The Hungarian team came third in the world finals of the Bocuse d’Or

Gastro

The Hungarian team made up of chef Bence Dalnoki and commis Patrik Nyikos won a bronze medal at the world finals of the Bocuse d’Or cooking competition, the results of which were announced on the second day of the event, Monday evening, in Lyon, France. The winner of this year’s final is Denmark.

The world finals of the Bocuse d’Or, considered the most prestigious international cooking competition, are held every two years in the hometown of the eponymous chef Paul Bocuse. At this year’s world finals, teams from 24 nations prepared their dishes on Sunday and Monday.

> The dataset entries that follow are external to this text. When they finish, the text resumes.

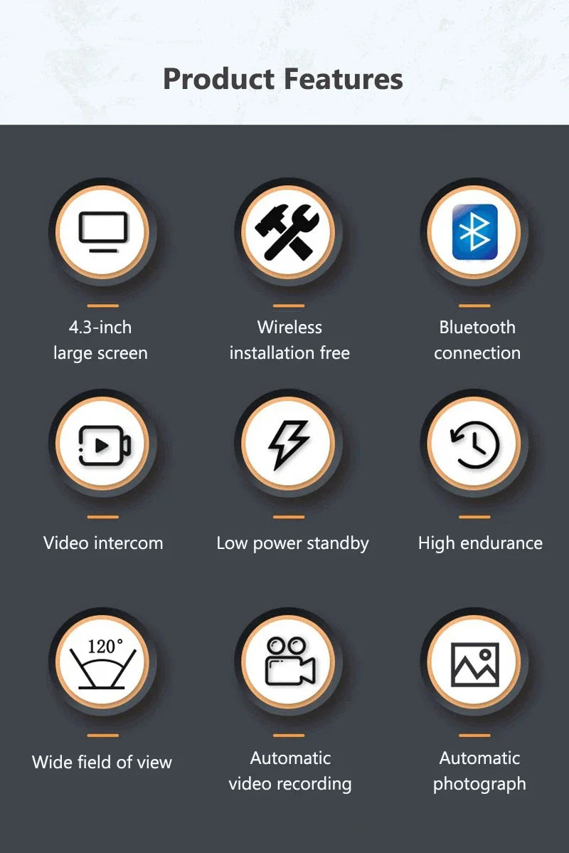 * 4.3-inch IPS screen, full-view display, clear visibility, no need to open the door to view the real-time situation outside the door, with screen display, more convenient and safer.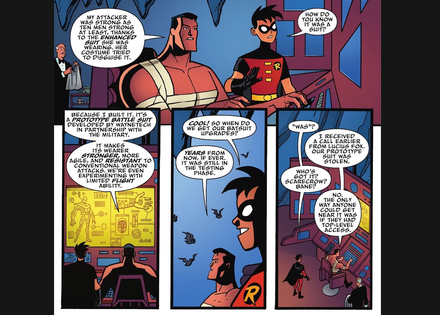 Aparece el primer indicio de que este prototipo robado es de hecho el traje Beyond Batman: Las aventuras continúan: Temporada 3, n.° 4, “Crack-Up!, Part 2″, cuando Batman le cuenta a Robin las capacidades del traje, diciendo: “Hace que quien lo lleva sea más fuerte, más ágil y resistente a los ataques con armas convencionales. Incluso estamos experimentando con una capacidad de vuelo limitada”. Los espectadores observadores pueden notar que la cara del traje en el lado derecho de la Batcomputadora se parece al ceño fruncido distintivo del traje de Beyond, pero solo en “Crack-Up!, Part 3” se ve el traje con todo detalle. No solo la cara coincide mucho más claramente con la del traje de Beyond, sino que el traje también tiene el esquema de color negro y rojo revelador del traje de Beyond. Como presagio adicional, incluso se coloca frente a la fila de los otros disfraces almacenados de Batman, Robin y Batgirl.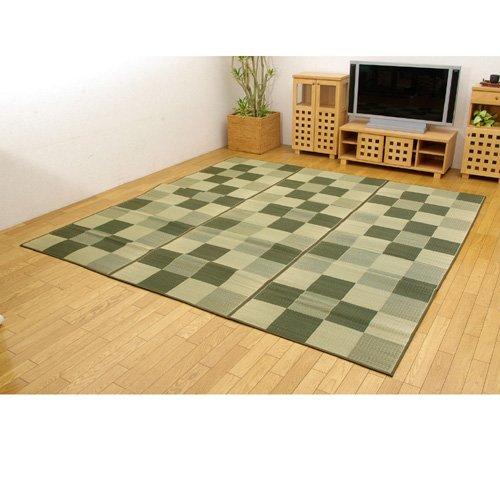 イケヒコ 純国産 い草花ござカーペット 『ブロック』 グリーン 江戸間6畳(約261×352cm)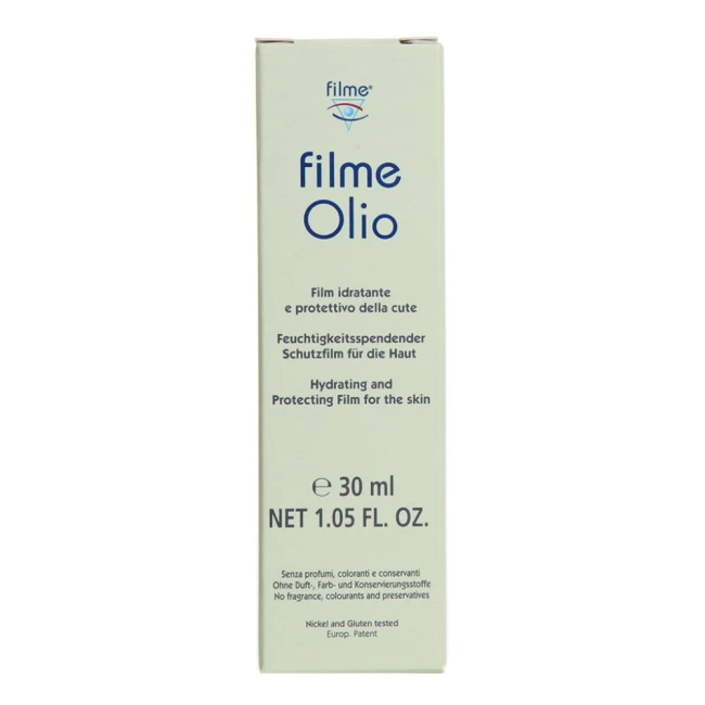 Film Olio è composto da Tocoferol acetato (vitamina E) che forma un film protettivo, ristabilendo la idratazione normale della pelle e della mucosa genitale e anale nei soggetti che presentano secchezza, irritazione, pizzicore, prurito, arrossamento derivanti da fattori esterni come stress fisici, chimici, ambientali o attraverso interventi chirurgici o per medicazioni topiche. Favorisce i processi trofici fisiologici e riparatori della pelle e della mucosa genitale e anale. Forma una barriera protettiva a livello della mucosa anale che può contribuire a ridurre i sintomi causati da ragadi o emorroidi esterne lievi. Contribuisce alla riduzione del biofilm mantenendo in buono stato il microbiota normale della pelle e della mucosa genitale e anale.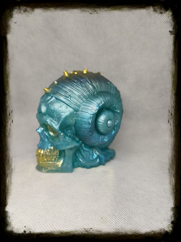 Crâne Décoratif "Sultan des Glaces" : Turquoise Scintillant et Or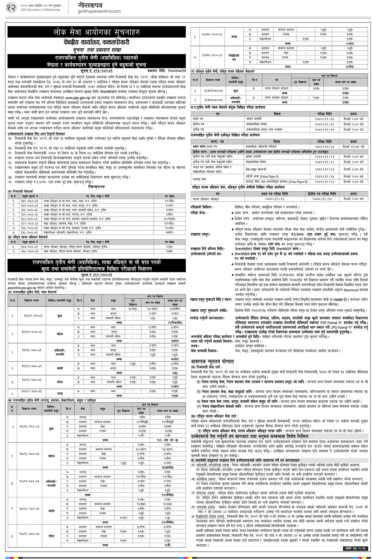 लोकसेवाले खुलायो अधिकृत पदमा विज्ञापन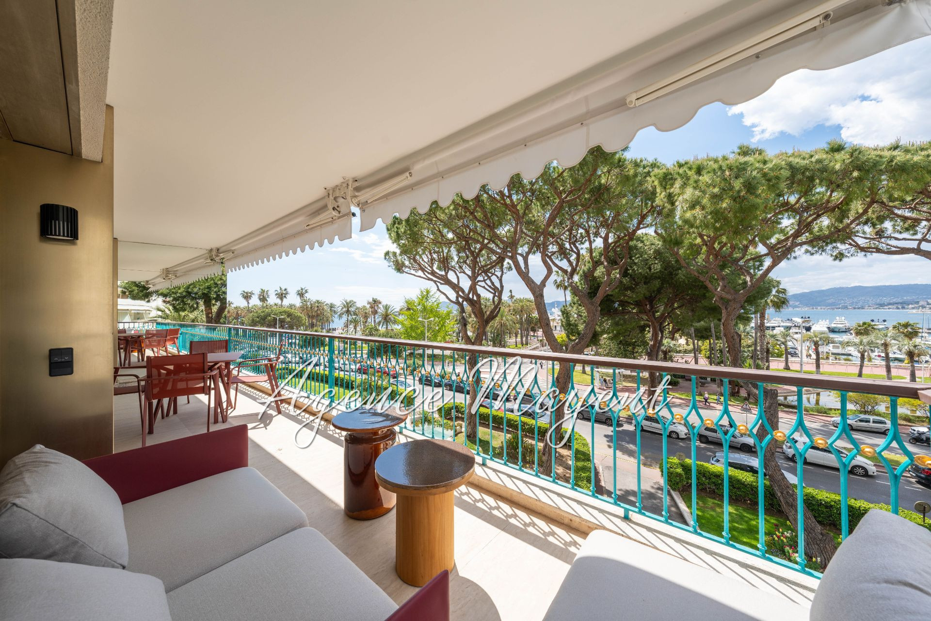Une superbe terrasse ensoleillée offre une très belle vue sur la mer et port.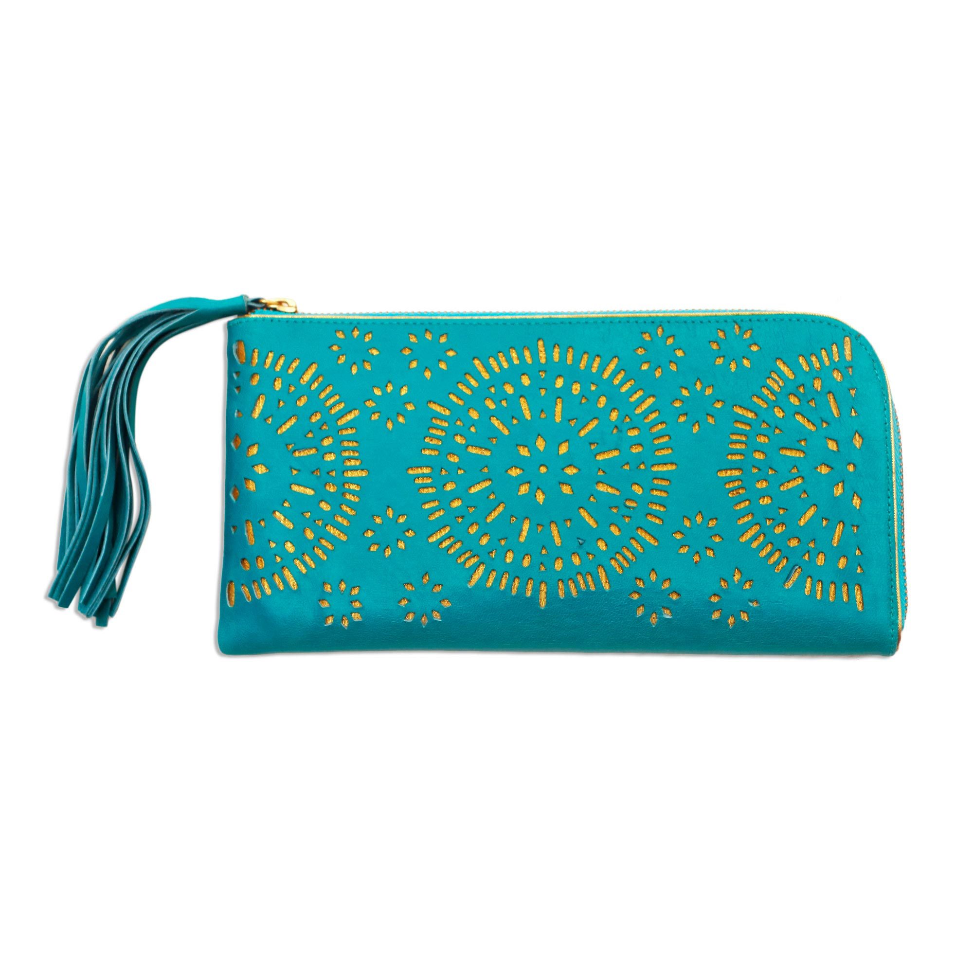 Circle Pattern Leather Clutch in Tosca from Bali, 'Borobudur Stars in Turquoise'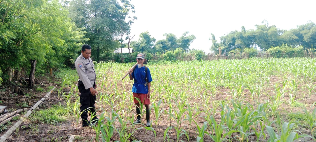 Polri Dukung Ketahanan Pangan: BKTM Desa Lepadi Lakukan Monitoring Lahan Kebun Jagung Warga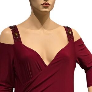 IGIGI Jeweled Siren Maxi Dress Size 18/20 Blood Red Cold Shoulder Lined Gown NWT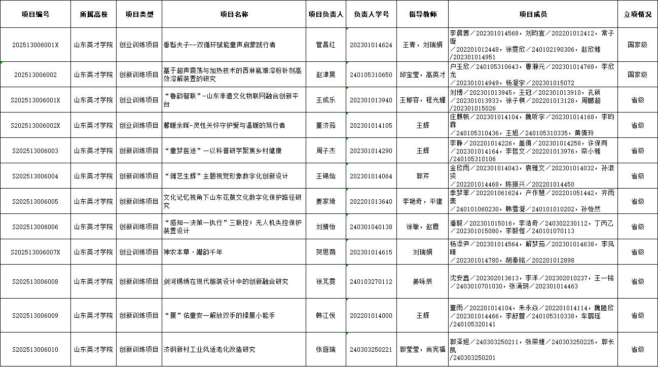 近日,山东省教育厅公布了2025年山东省大学生创新训练计划项目省级以上立项名单,山东英才学院获国家级立项2项,省级立项10项,其中,创新训练项目8项,创业训练项目4项。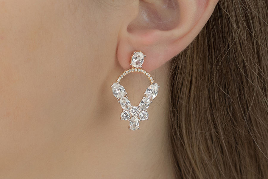 BRINCO BANHADO EM OURO, FIOS CRUZADO, COM PARTE INFERIOR E BASE CRAVEJADOS

The Hungarian Bocuse team came in second place at the European selection. The team was headed by Bence Dalnoki, the sous chef of Stand Étterem, which was awarded two Michelin stars in November, whose work was assisted by Patrik Nyikos as a commis. The duties of the coach were performed by Tamás Széll, while the president of the team was Zoltán Hamvas, president of the Hungarian Bocuse d’Or Academy.

Denmark won the world final this year, the Norwegian team finished in second place, and the Hungarian team took the bronze medal, representing its strongest performance to date.

The prize for the best commis (assistant) of the competition went to Norway, the best bowl went to Sweden, and the best plate theme went to the French team.

For the first time, the social commitment award was presented, which was won by the Mexican team, and also for the first time, the competition had a children’s jury, which awarded its special prize to Japan.

At the finals of the Bocuse d’Or in Lyon, the teams traditionally have to prepare two dishes: a spectacular dish, which must be presented first as a whole and then served on a plate, and a course that has already been prepared on a plate.

Mandatory ingredients for the dish were monkfish, black mussels, and Saint James mussels.

The plate theme turned out to be groundbreaking, as the teams had to prepare a children’s menu and three courses for 15 people. Each of the courses had to include pumpkin, the appetizer had to be vegan, and the main course had to include eggs.